City administrators and the CTA began part-time work nearly 20 years ago as a divide-
and-concur strategy. The point was to split the unity of transit workers to eventually
disband our union and privatize the CTA.

We call on the officials of our union to unite our membership and work with community
organizations and other unions to build and use our union power to force the CTA to:

• Turn over to equal full-time status all current part-time workers and put an end to
hiring new workers in any second-class position. Unite the ranks!
• Recognize current full-time workers’ years of service spent part-time (often over
three years) towards retirement. 25 years and out!

This is about safety: part-time workers are forced to work the “on-call” extra-board. We
don’t know when we are working until the night before, so we don’t know when to sleep.
This simply is not safe- not for us and not for our passengers. To do this stressful work,
we need proper rest. Driver fatigue kills- and we get blamed. Let’s make it clear that
union transit workers -not CTA officials- stand for the safety of workers and passengers.

This is about money: the executives of the CTA wish to lower our overall compensation
by forcing some of us to work under more difficult work-rules. It also forces us to work
several more years before we can retire. They say we are not “real” workers. We part-
timers say: “We wear the same uniform. We do the same work- during the hardest shifts.
Bus operators are leaders of our families and in our communities. We are real workers!”

As hundreds of new part-time workers are being hurriedly hired to meet the increase in
demand for public transit because oil companies are making billions, we are told that
there is no money; that fares must be increased and workers must accept harder working
conditions and less pay. We reject these latest “doomsday” manipulations.

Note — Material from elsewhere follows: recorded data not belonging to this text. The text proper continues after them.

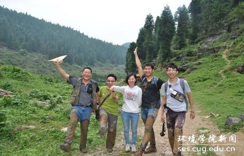 野外考察是我们的专业特色,万老师在野外总是事必躬亲,培养我们如何在实际地质调查中发现问题、提出问题并解决问题,如何把书本上的知识活学活用到生产实际中去。他常说“考试的学霸并不一定代表对知识的真正理解”,并随时为我们寻找提高野外考察能力的机会。2017年春节刚过,中铁第四勘察设计院请求万老师增援,派人开展云南三清高速公路的岩溶水文地质调查。尽管还在寒假,经费也有限,但万老师觉得机会难得,是一次练兵的好机会,决定把我们拉出去练练,检验一下我们对课堂知识的掌握程度以及实际应用能力。于是我们307团队成员相继汇集在云南阳宗海地区开展了为期1个月的野外调查工作,这次调研不仅锻炼了我们的野外科考能力,还有效地解决了该高速公路选线和岩溶隧道突涌水灾害的评价与防治的实际问题。万老师这次练兵的教学方法也是独具一格,为了充分发挥我们的主观能动性,万老师在我们去野外调查前,从宏观上给我们做了调查区的总体介绍,具体的野外考察工作则放手让我们自己开展,包括前期的现场踏勘、路线调查、图件绘制等,野外考察中期,他来到现场,让我们打开野簿、手图,听取我们的野外调查汇报,再逐一分析野外调查方法的正确与否。针对我们在野外调查中对地质现象认识不足以及无法解决的问题,万老师总是会结合具体的野外现象,指出我们在野外观察以及分析问题方法上的失误,耐心地启发引导我们,使我们受益匪浅。万老师常说:“学习就是犯错误的过程,我希望你们在学生时代多尝试,在未来工作中少失误、不犯低级错误、不犯重复的错误。”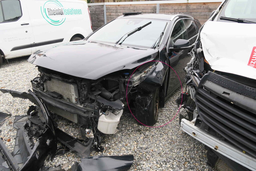 Felge VL beschädigt, Schweller rechts, Unterboden Risiko, Motor läuft stottert , Gurtstaffer ausgelöst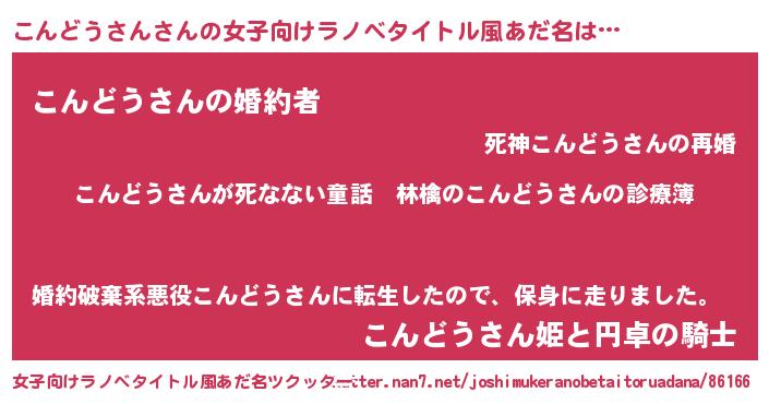 | 意味不明あだ名 | 『住所不定無職こんどうさん(56歳)』 |
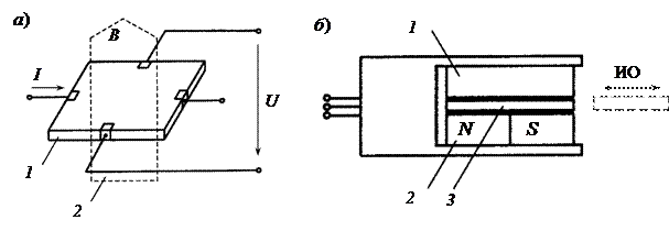 Рис. 8.12. Датчик Холла: а) – эффект Холла; б) – датчик Холла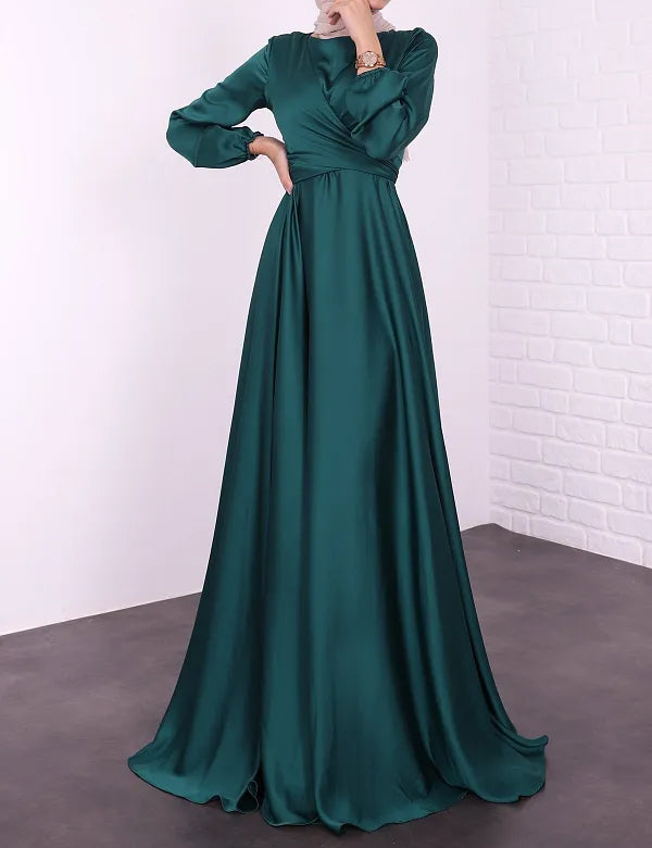Satin Abaya Crossed Belted Evening Dress - Moss Green

CTA workers can take the lead in a campaign for full-time jobs that unite with other
union workers, immigrants and unemployed in the city. We can stand up like the
Memphis Sanitation workers in 1968 and fight for future generations. Let us start by
organizing to bring other workers to union meetings, improve our organizing skills and
learn how to run our union from the ranks up.

We are 6,500 strong. We are the Union.

Amalgamated Transit Union, Local 241 meetings are held every first Monday at
Plumbers Hall, 1430 W. Washington St. 8pm (every member is encouraged to come)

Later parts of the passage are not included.